What the task asks: Take the entries below and reproduce exactly the portion that begins at the line containing "3月2日,觀光車在西溪濕地內(nèi)行駛(無人機(jī)照片)。" and ends at the line containing "Консилер-корректор NOVA - это", keeping both ends, dropping pictures, and adding nothing else.
══ The data
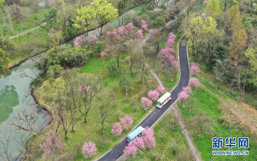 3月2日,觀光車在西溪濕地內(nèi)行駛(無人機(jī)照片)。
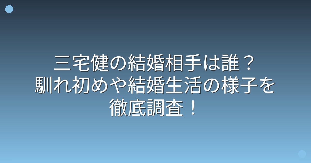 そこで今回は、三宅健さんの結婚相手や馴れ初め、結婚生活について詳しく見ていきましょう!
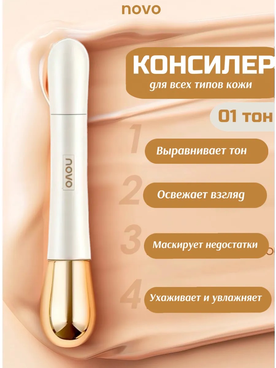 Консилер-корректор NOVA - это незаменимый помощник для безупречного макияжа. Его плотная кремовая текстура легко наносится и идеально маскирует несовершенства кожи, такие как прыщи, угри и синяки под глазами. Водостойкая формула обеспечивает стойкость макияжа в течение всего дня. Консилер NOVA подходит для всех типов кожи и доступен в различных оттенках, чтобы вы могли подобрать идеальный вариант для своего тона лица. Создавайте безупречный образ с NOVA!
════
══ The data
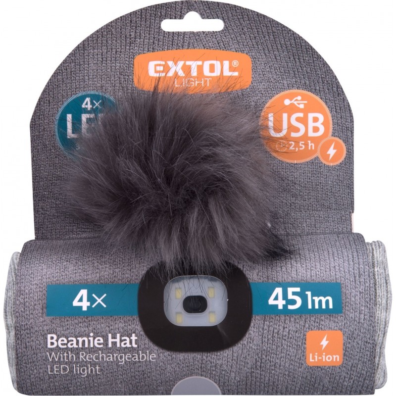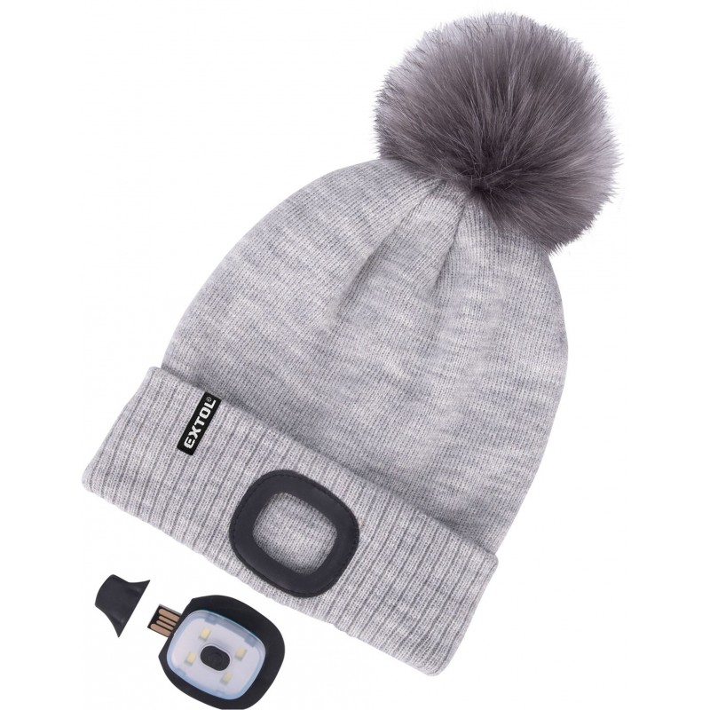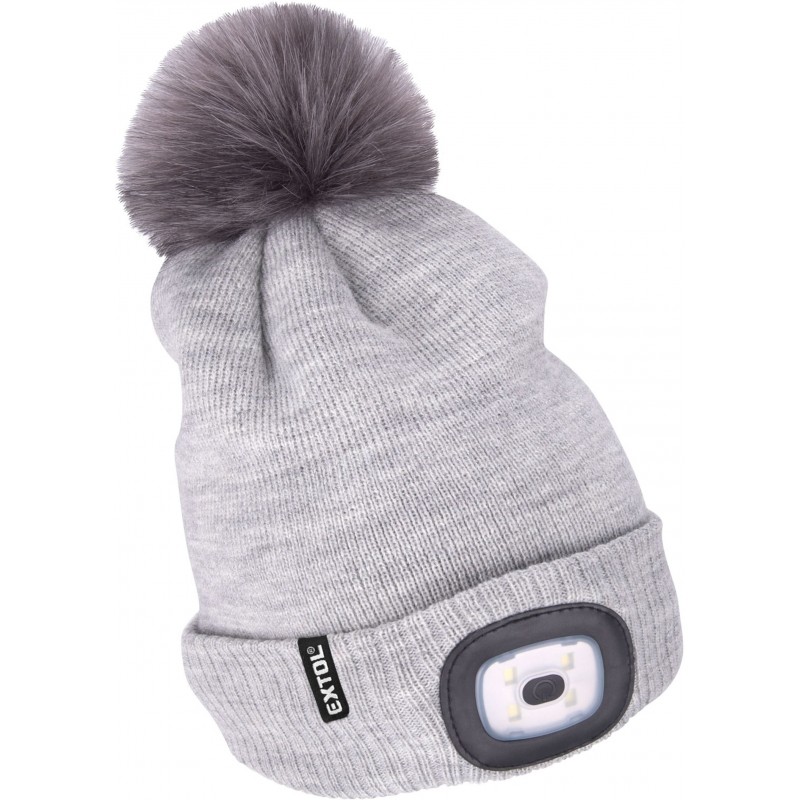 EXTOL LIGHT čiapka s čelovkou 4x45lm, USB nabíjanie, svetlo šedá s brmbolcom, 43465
════
Exercise output:
 3月2日,觀光車在西溪濕地內(nèi)行駛(無人機(jī)照片)。
 そこで今回は、三宅健さんの結婚相手や馴れ初め、結婚生活について詳しく見ていきましょう!
 Консилер-корректор NOVA - это незаменимый помощник для безупречного макияжа. Его плотная кремовая текстура легко наносится и идеально маскирует несовершенства кожи, такие как прыщи, угри и синяки под глазами. Водостойкая формула обеспечивает стойкость макияжа в течение всего дня. Консилер NOVA подходит для всех типов кожи и доступен в различных оттенках, чтобы вы могли подобрать идеальный вариант для своего тона лица. Создавайте безупречный образ с NOVA!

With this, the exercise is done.